ChemConnect, established five years ago, launched full-scale operations of the World Chemical Exchange last year. Within one year, 4,000 companies, including 20 of the top 26 chemicals firms, joined the market, making it the largest of its kind in the world. Analysts believe 20% of all transactions in the 180 trillion yen global chemicals market will be conducted online in four or five years. ChemConnect, which currently handles 20 billion yen worth of transactions a year, is expected to be a leading player.

In the U.S., the proliferation of such markets has led to the destruction of sellers' pricing power. The exchanges enable buyers to quickly and easily compare products and prices, putting them in a superior bargaining position. This transparency eventually leads to cutthroat pricing. In the U.S., where markets were generally open to competition before the development of online exchanges, prices have dropped by 10-20%. Prices, which vary depending on time lags or regional differences, have started to converge into one.

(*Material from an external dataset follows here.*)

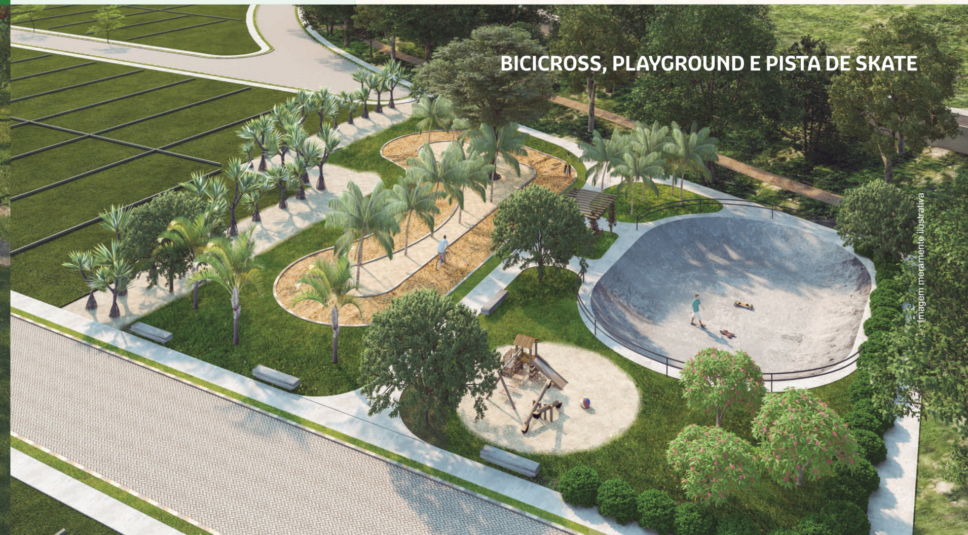
BICICROSS, PLAYGROUND E PISTA DE SKATE

The pricing revolution will have an even greater impact on Japanese industry because of the unique domestic practice of deciding on prices after delivery, usually at the end of the fiscal year. Under the system, sellers give rebates to troubled buyers to help them avoid reporting losses, in exchange for customer loyalty.

This is a long-established tradition in many industries. The very existence of most car dealerships depends on receiving rebates from automakers. The oil industry has been slowly abandoning the practice after suffering a prolonged price war in gasoline supply. Food processors have also begun reducing the amounts paid to wholesalers.

Net transactions are the direct antithesis of this cozy arrangement. They make everything extremely open and aboveboard, and permit no secret deals.

Moreover, the Internet is linking people, money and information around the globe, supplying not only more efficient and cheaper methods of procurement but also financing and information about manpower and logistics.

Industries such as steel, chemicals and construction materials want to launch cyber markets that do not interfere with traditional Japanese practices. But such marts can not be successful because they will only be domestic in scope.

Web exchanges bring together buyers and sellers from all over the world, and local companies can easily buy products from overseas suppliers if Japanese firms do not offer competitive prices. They will transform the way business is done in Japan, probably leading to lower prices, higher productivity and reduced labor costs.